Default options only, no modifications to the code.
I am thinking it is maybe missing a match somewhere and doing too few threads in lyra2v2, I am reading the output from here: https://www.reddit.com/r/nvidia/comments/7iq5tk/just_got_a_titan_v_this_morning_ask_me_to/dr1y7x1/
So over a 1000 more cores than a 1080ti. Looking at code now to figure out if threads per block is getting underset due to something something __CUDA_ARCH__ 700 or something causing an issue.
Is there a way to see TPB at runtime printed out?
You can actually see the threads per block in the code.
When you have a kernel call like this for example:
lyra2v2_gpu_hash_32_2 <<< grid4, block4, 0, gpustream[thr_id] >>> (threads);
then it's the block4 value (32 in this case).

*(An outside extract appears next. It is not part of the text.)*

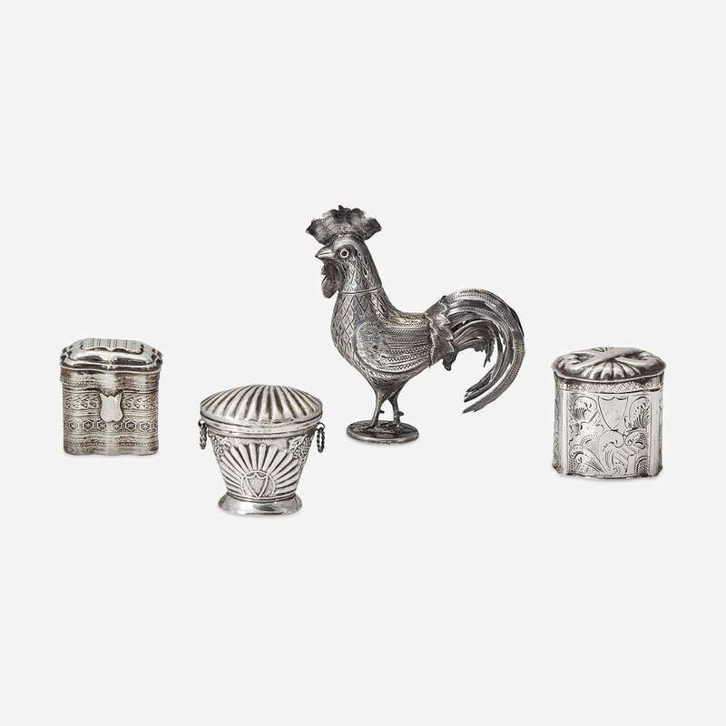 Comprising three Dutch silver hinged boxes, each marked with .833 lion standard mark to undersides, the other marks illegible; and one rooster-form box, marks illegible. (4).

Or you could add two lines of code to each kernel:
if(thread == 0)
printf("%d %d\n", blockDim.x, blockDim.y);
In the lyra code, I wanted to make a quick bisection. I tried to force the 1080 code in lyra2v2.cu: /* #if __CUDA_ARCH__ >= 500 / then i commented out the corresponding else and modified lyra2v2_cpu_hash_32 accordingly.
It failed to build, there isn't any condition around #include cuda_lyra2v2_sm3.cuh that keeps it from not being included.
After I commented out the sm3.cuh header include, build succeeded with the forced >=500 code on.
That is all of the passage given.